Media literacy important now more than ever

Fake news and propaganda spreading on the internet require media literacy if they are to be combatted. Facebook is one of the sites where this misinformation is rampant.

The credibility of news items is often left for consumers to decode. This is not unusual, especially in this age where a lot of us get our news from social media. If anything, the 2016 elections have taught us how easy it is to spread propaganda and fake news that can influence the decision-making process of an individual.

Social media platforms have continued gaining power, especially in the realm of news and information spreading. A lot of people, however, cannot distinguish between credible sources. This poses a lot of challenges, especially now that we are heading to another election. The question now becomes if these social media are doing enough to prevent events of 2016 from happening.
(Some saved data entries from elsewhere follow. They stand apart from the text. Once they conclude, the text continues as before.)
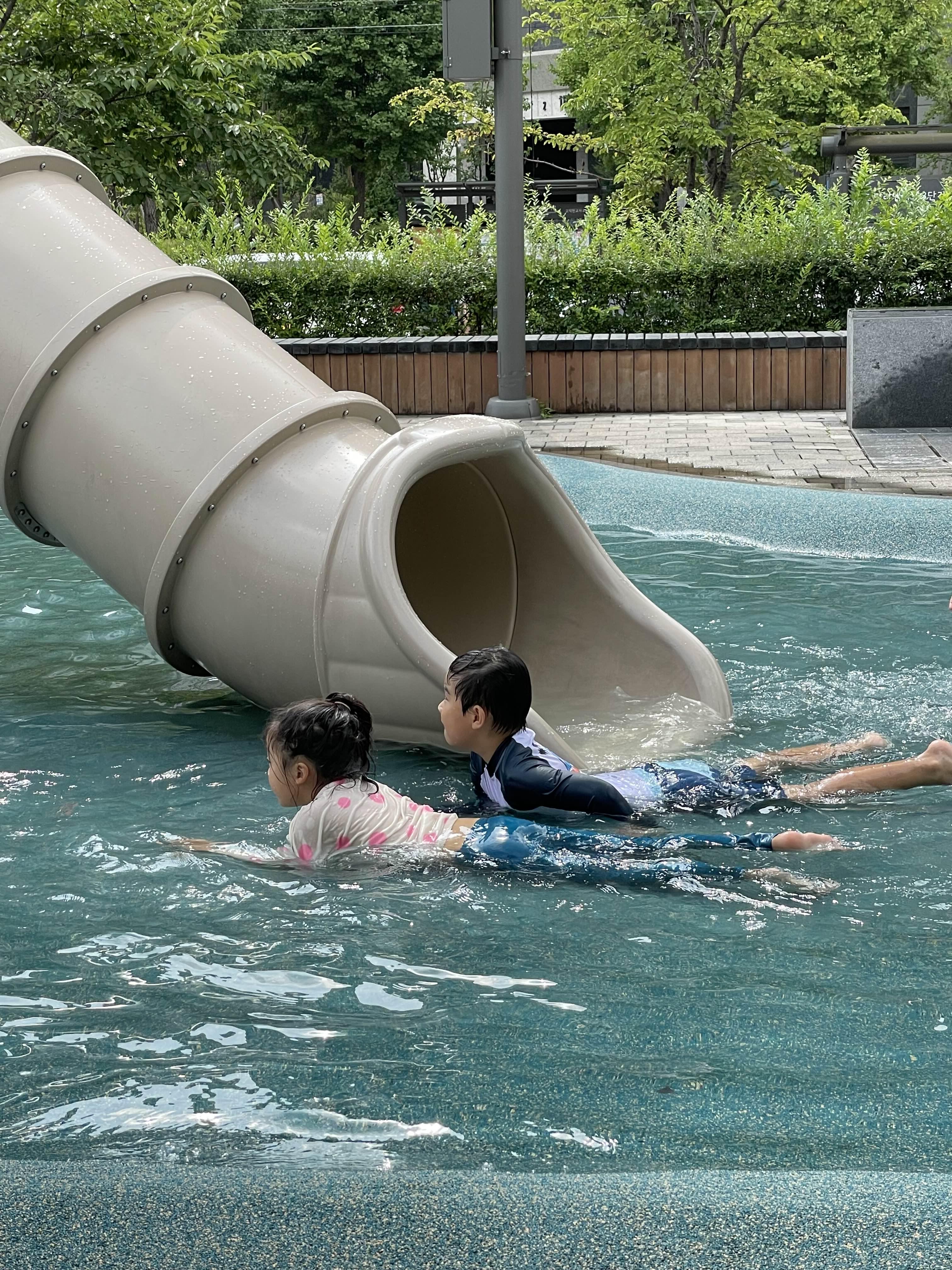 물놀이장을 이용하기 부담스러울 때 그냥 지나가다 물놀이장을 만났을 때 가볍게 물놀이하기 좋죠.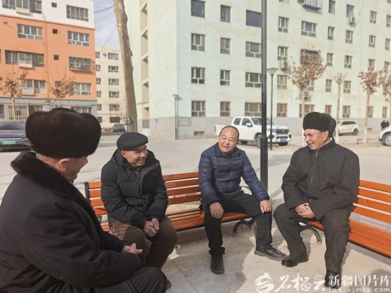 1月16日,阿克陶县阿克陶镇幸福路社区党委书记马福龙在凯城小区与群众唠家常、听民意。 王潮摄
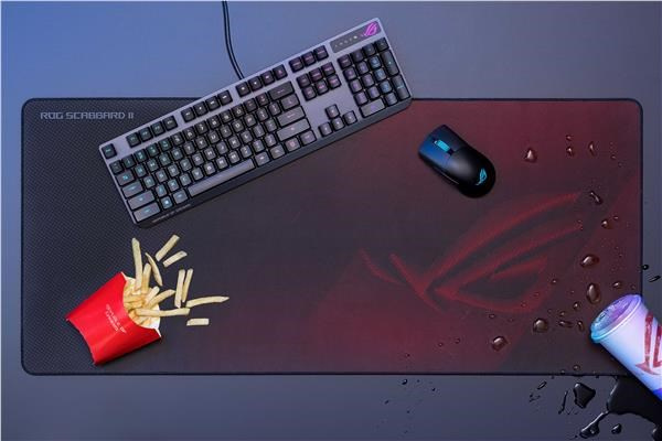 ROG Scabbard II extended gaming mouse pad with protective nano coating for a water-, oil-and dust-repellant surface, with anti-fray, flat-stitched edges and a non-slip rubber base
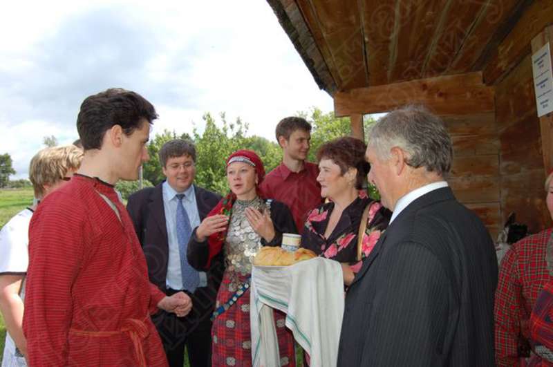 —//— | Удмуртский свадебный обряд в архитектурно - этнографическом музее - заповеднике "Лудорвай". Родители невесты встречают жениха хлебом и маслом | 28 июля 2007 | JPEG, эл.фотодок, диск, хорошее |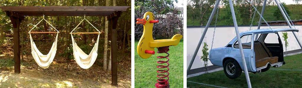 Самостоятельно можно изготовить качели-балансир, качели-гамак, качели-диван. Особого внимания заслуживают конструкции, далекие от классического представления конструкции качелей. Необычные качели могут быть: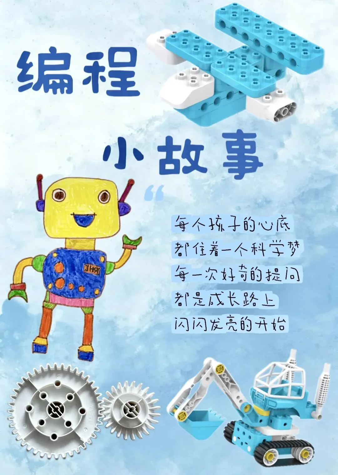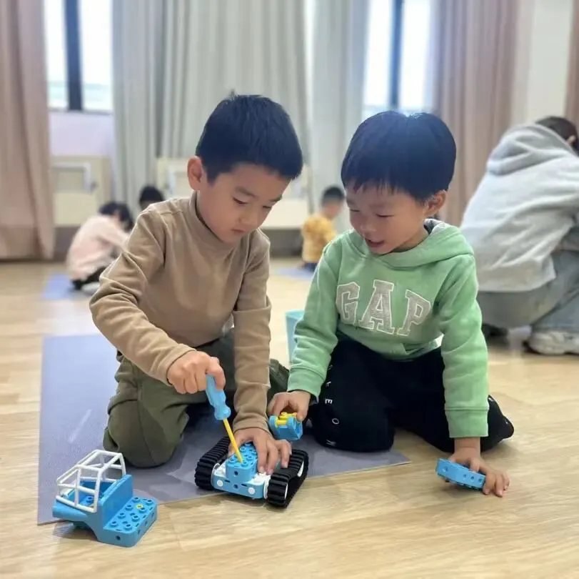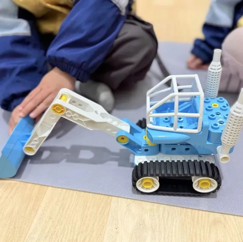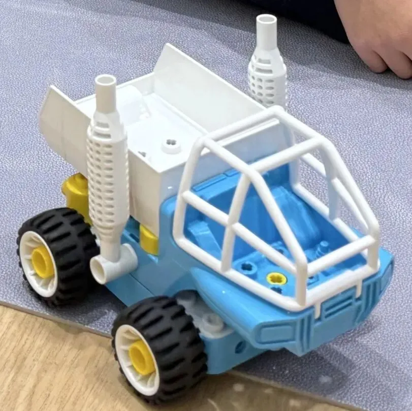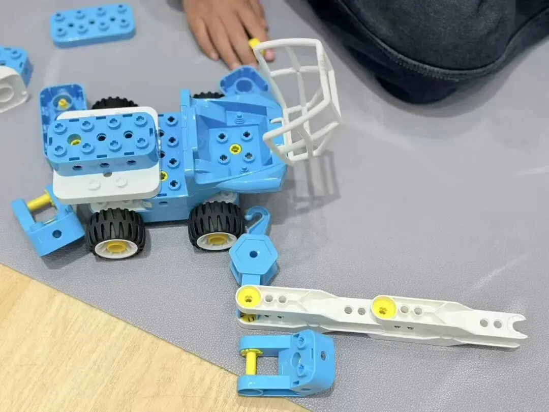 我们搭过厉害的火箭炮车、会跑的运输车,还有大力无穷的铲车。原来,动手创造就是一个魔法过程——把脑海里那些天马行空的念头,一点点“搬运”到现实世界中。那一刻,我觉得自己真的像个小发明家。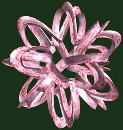 Keywords: mathematica 3d cg parametricplot3d texture torus 輪環 りんかん ドーナツ どーなつ 四芒星 しぼうせい 四光星 しこうせい 四稜星 しりょうせい code program algorithm コード プログラム アルゴリズム geometric sculpture geometricsculpture shape geometry sculpture mapping テクスチャ マッピング 模様 もよう abstract 抽象 ちゅうしょう アブストラクト design pattern デザイン パターン graphic グラフィック グラフィクス structure 意匠 構造 symmetry 対称性 たいしょうせい シンメトリー 対称 たいしょう algorithm コード plant blossom organic pattern black background pastel outdoor foliage flower a = 3; (* center hole size of a torus *) b = 4; (* tetra-torus *) c = 2; (* distance from the center of rotation *) d = 6; (* number of torus *) h = 1; (* height of a torus *) SetOptions[ParametricPlot3D, PlotRange -> Full, Mesh -> None, Boxed -> False, Axes -> False, PlotPoints -> 400, ImageSize -> 3000, Background -> RGBColor[{25, 50, 25}/255], PlotStyle -> Directive[Specularity[White, 30], Texture[Import["D:/tmp/86.jpg"]]], TextureCoordinateFunction -> ({#4, #5 2 Pi} &), Lighting -> "Neutral"]; f[v_] := Cos[2 Cos[Cos[Cos[v]]]]; x = (a - f[t] - Sin[b s]) Cos[s + 3 Pi/(4 b)] + c; y = (a - f[t] - Sin[b s]) Sin[s + 3 Pi/(4 b)] + c; z = (a - Sin[t/2] - h Sin[b s]); rot = Table[{x, y, z}.RotationMatrix[2 i Pi/d, {1, 1, 0}], {i, d}]; ParametricPlot3D[rot, {t, 0, 2 Pi}, {s, 0, 2 Pi}] (*--- The Texture *) a = 3; (* center hole size of a torus *) b = 4; (* tetra-torus *) c = 2; (* distance from the center of rotation *) d = 6; (* number of torus *) h = 1; (* height of a torus *) SetOptions[ParametricPlot3D, PlotRange -> Full, Mesh -> None, Boxed -> False, Axes -> False, PlotPoints -> 400, ImageSize -> 3000, Background -> RGBColor[{25, 50, 25}/255], PlotStyle -> Directive[Specularity[White, 30], Texture[Import["D:/tmp/86.jpg"]]], TextureCoordinateFunction -> ({#4, #5 2 Pi} &), Lighting -> "Neutral"]; f[v_] := Cos[2 Cos[Cos[Cos[v]]]]; x = (a - f[t] - Sin[b s]) Cos[s + 3 Pi/(4 b)] + c; y = (a - f[t] - Sin[b s]) Sin[s + 3 Pi/(4 b)] + c; z = (a - Sin[t/2] - h Sin[b s]); rot = Table[{x, y, z}.RotationMatrix[2 i Pi/d, {1, 1, 0}], {i, d}]; ParametricPlot3D[rot, {t, 0, 2 Pi}, {s, 0, 2 Pi}] (*--- The Texture *) |

Disinformation in question

The recent showdown between Mark Zuckerberg, the Facebook CEO and Alexander Ocasio Cortez (AOC), a congresswoman, highlights this problem.

AOC asked Zuckerberg,

So you won’t take down lies, or you will take down lies? I’m not talking about spin. I’m talking about actual disinformation.

During this showdown, one thing was clear, Zuckerbergs reluctance to have a stance on disinformation. Facebook indicated that they would be allowing political ads without fact-checking them. This is what brought the controversy where AOC was not comfortable with such a move.

It is a fact that Facebook is one of the largest social media platform and if it will not take responsibility for such misinformation, then it is time we changed the tact.

Importance of media literacy

We need media literacy taught in schools and to adults. This is a solution that can work and help us identify and flag such fake news and propaganda that might be targetted at us. It is not a hidden secret that journalist is now spending a significant amount of their time dispelling unfounded rumors or facts that are spreading on the internet.

Media literacy would also help in reducing the number of actors participating in spreading fake news. This would significantly cut the number of ads on facebook, thereby reducing misinformation on the internet.

Other social media platforms have responded differently from Facebook. Take Twitter as an example. It indicated that it will be banning political ads and has increased measures of combatting fake news.

The fact-checking feature should also be attached to ads. Although both platforms have such functionality, sometimes it fails to notice fake news resulting in misinformation. Therefore, both platforms are responsible for such neglect and should take responsibility for spreading media literacy and how to spot fake news.

Combatting fake news is a responsibility we should all strive to defeat. Fact-checking political memes and news stories should also be our responsibility. The only way to identify them, though, is through proper media literacy. Something has to be done in this area if misinformation is to be stopped.